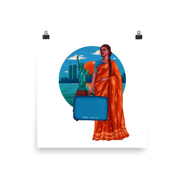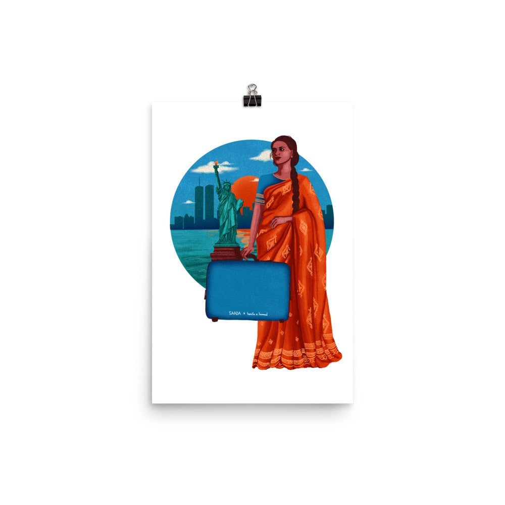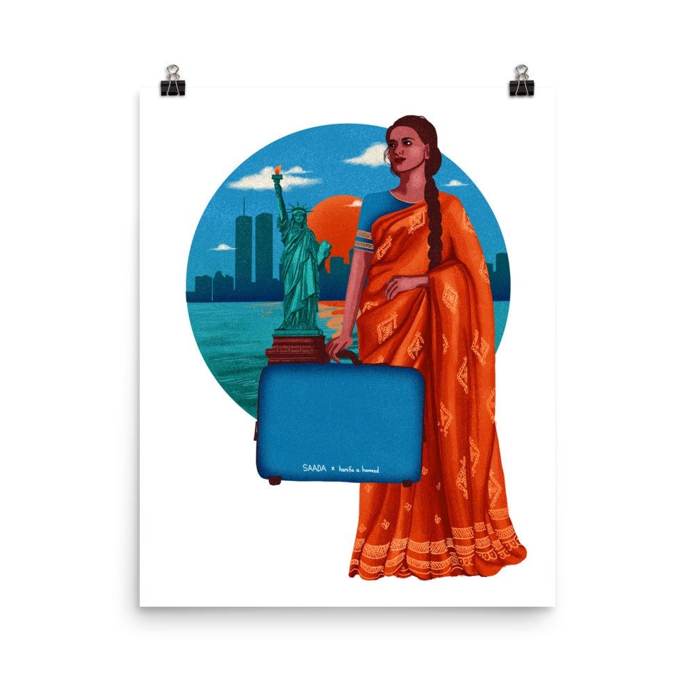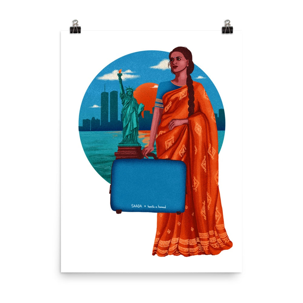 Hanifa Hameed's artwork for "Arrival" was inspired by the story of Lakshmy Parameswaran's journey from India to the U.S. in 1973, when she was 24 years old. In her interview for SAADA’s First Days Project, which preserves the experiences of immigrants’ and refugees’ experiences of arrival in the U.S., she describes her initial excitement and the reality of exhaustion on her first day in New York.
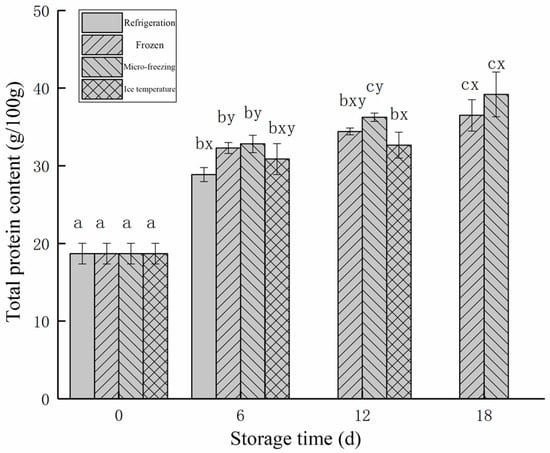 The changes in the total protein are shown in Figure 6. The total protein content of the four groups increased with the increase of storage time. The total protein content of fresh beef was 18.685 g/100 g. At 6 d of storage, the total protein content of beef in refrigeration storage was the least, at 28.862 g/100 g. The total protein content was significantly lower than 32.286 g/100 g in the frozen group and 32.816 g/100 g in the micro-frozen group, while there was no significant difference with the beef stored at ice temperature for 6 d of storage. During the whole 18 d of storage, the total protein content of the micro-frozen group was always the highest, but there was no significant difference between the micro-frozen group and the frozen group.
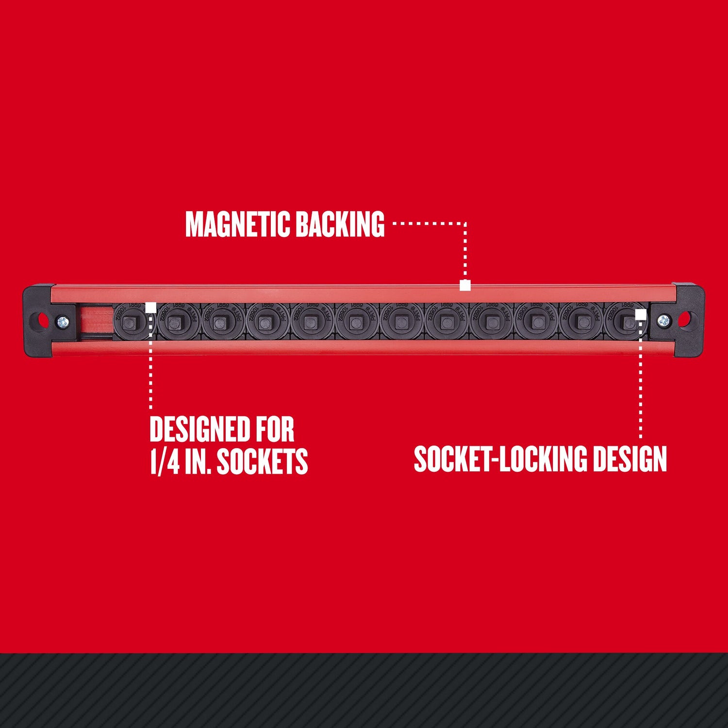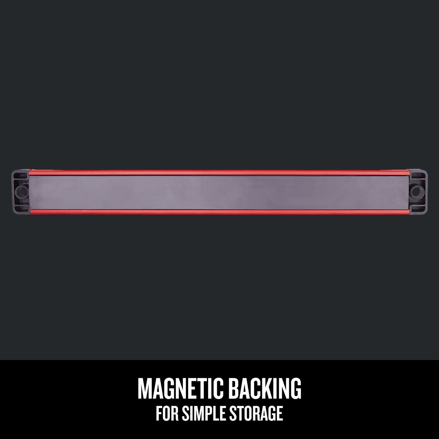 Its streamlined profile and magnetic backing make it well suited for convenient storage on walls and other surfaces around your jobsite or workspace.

• [Work request] Working from the listing above, retype it exactly but include no images.

• [Task solution]
 Hanifa Hameed's artwork for "Arrival" was inspired by the story of Lakshmy Parameswaran's journey from India to the U.S. in 1973, when she was 24 years old. In her interview for SAADA’s First Days Project, which preserves the experiences of immigrants’ and refugees’ experiences of arrival in the U.S., she describes her initial excitement and the reality of exhaustion on her first day in New York.
 The changes in the total protein are shown in Figure 6. The total protein content of the four groups increased with the increase of storage time. The total protein content of fresh beef was 18.685 g/100 g. At 6 d of storage, the total protein content of beef in refrigeration storage was the least, at 28.862 g/100 g. The total protein content was significantly lower than 32.286 g/100 g in the frozen group and 32.816 g/100 g in the micro-frozen group, while there was no significant difference with the beef stored at ice temperature for 6 d of storage. During the whole 18 d of storage, the total protein content of the micro-frozen group was always the highest, but there was no significant difference between the micro-frozen group and the frozen group.
 Its streamlined profile and magnetic backing make it well suited for convenient storage on walls and other surfaces around your jobsite or workspace.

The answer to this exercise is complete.